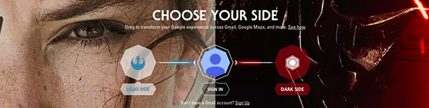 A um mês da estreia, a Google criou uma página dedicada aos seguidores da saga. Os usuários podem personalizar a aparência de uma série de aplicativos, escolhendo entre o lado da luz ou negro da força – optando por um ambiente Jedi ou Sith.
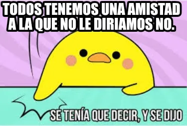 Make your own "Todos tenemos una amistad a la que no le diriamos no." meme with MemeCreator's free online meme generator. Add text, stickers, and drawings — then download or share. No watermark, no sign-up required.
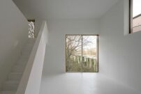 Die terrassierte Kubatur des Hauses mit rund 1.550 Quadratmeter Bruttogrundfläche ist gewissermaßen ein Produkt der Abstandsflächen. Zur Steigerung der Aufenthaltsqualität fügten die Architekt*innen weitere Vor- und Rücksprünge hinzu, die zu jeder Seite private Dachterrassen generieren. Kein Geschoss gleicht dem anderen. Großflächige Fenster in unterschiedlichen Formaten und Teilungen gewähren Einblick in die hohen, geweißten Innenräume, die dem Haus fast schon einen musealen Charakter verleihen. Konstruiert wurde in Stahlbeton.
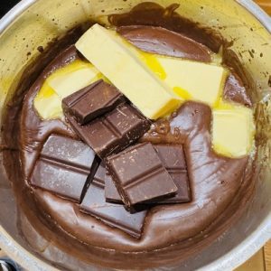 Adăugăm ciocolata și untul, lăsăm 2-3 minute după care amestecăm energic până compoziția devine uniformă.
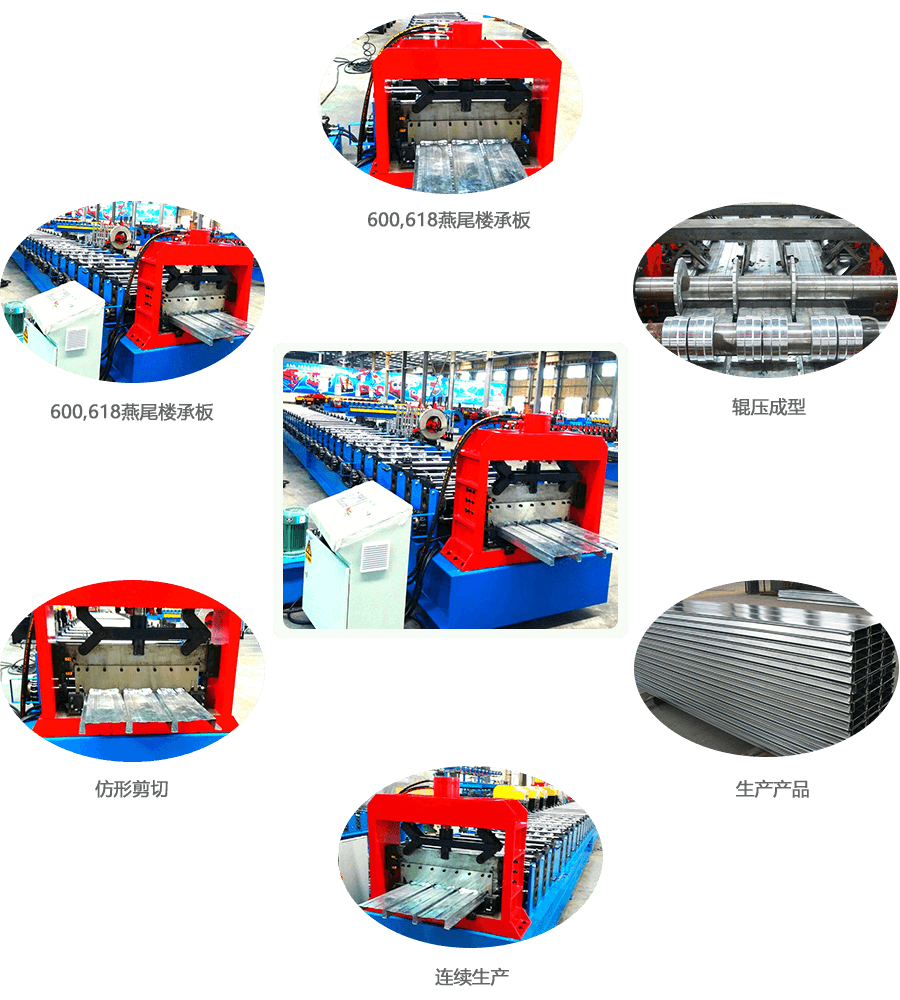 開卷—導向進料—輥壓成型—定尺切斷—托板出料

...

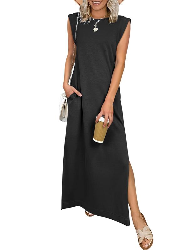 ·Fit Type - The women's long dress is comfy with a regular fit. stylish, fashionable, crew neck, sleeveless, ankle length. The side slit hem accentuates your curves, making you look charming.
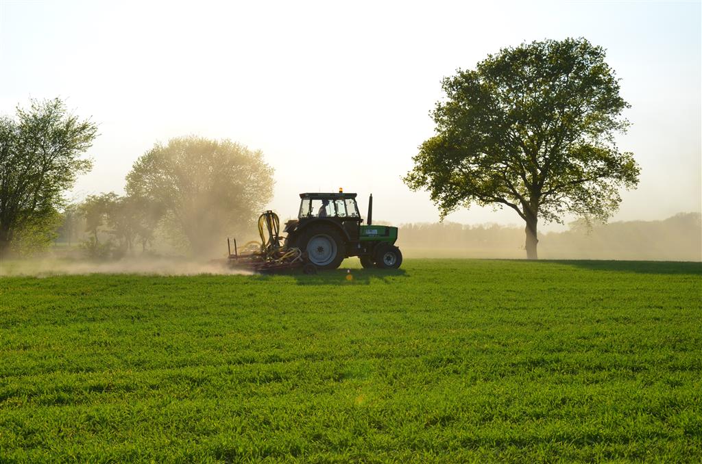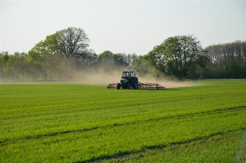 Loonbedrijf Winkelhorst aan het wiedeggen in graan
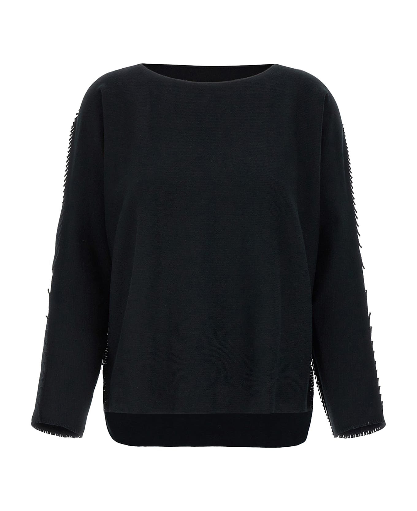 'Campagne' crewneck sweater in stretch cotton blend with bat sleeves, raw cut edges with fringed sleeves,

...

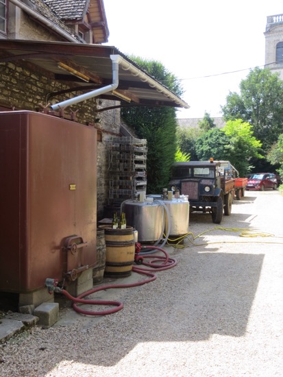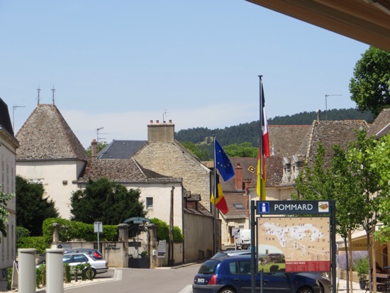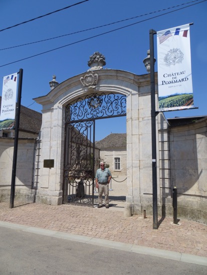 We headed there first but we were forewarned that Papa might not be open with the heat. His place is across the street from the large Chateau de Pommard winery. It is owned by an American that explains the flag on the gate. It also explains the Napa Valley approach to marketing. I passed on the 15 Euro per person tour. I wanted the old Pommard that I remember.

(HOW TO COMPLETE THIS TASK)
In the entries above, which lines run from the one with "A um mês da" up to and including the one with "Make your own"? Write them out exactly, without the pictures.

(ANSWER TO THE PROBLEM)
 A um mês da estreia, a Google criou uma página dedicada aos seguidores da saga. Os usuários podem personalizar a aparência de uma série de aplicativos, escolhendo entre o lado da luz ou negro da força – optando por um ambiente Jedi ou Sith.
 Make your own "Todos tenemos una amistad a la que no le diriamos no." meme with MemeCreator's free online meme generator. Add text, stickers, and drawings — then download or share. No watermark, no sign-up required.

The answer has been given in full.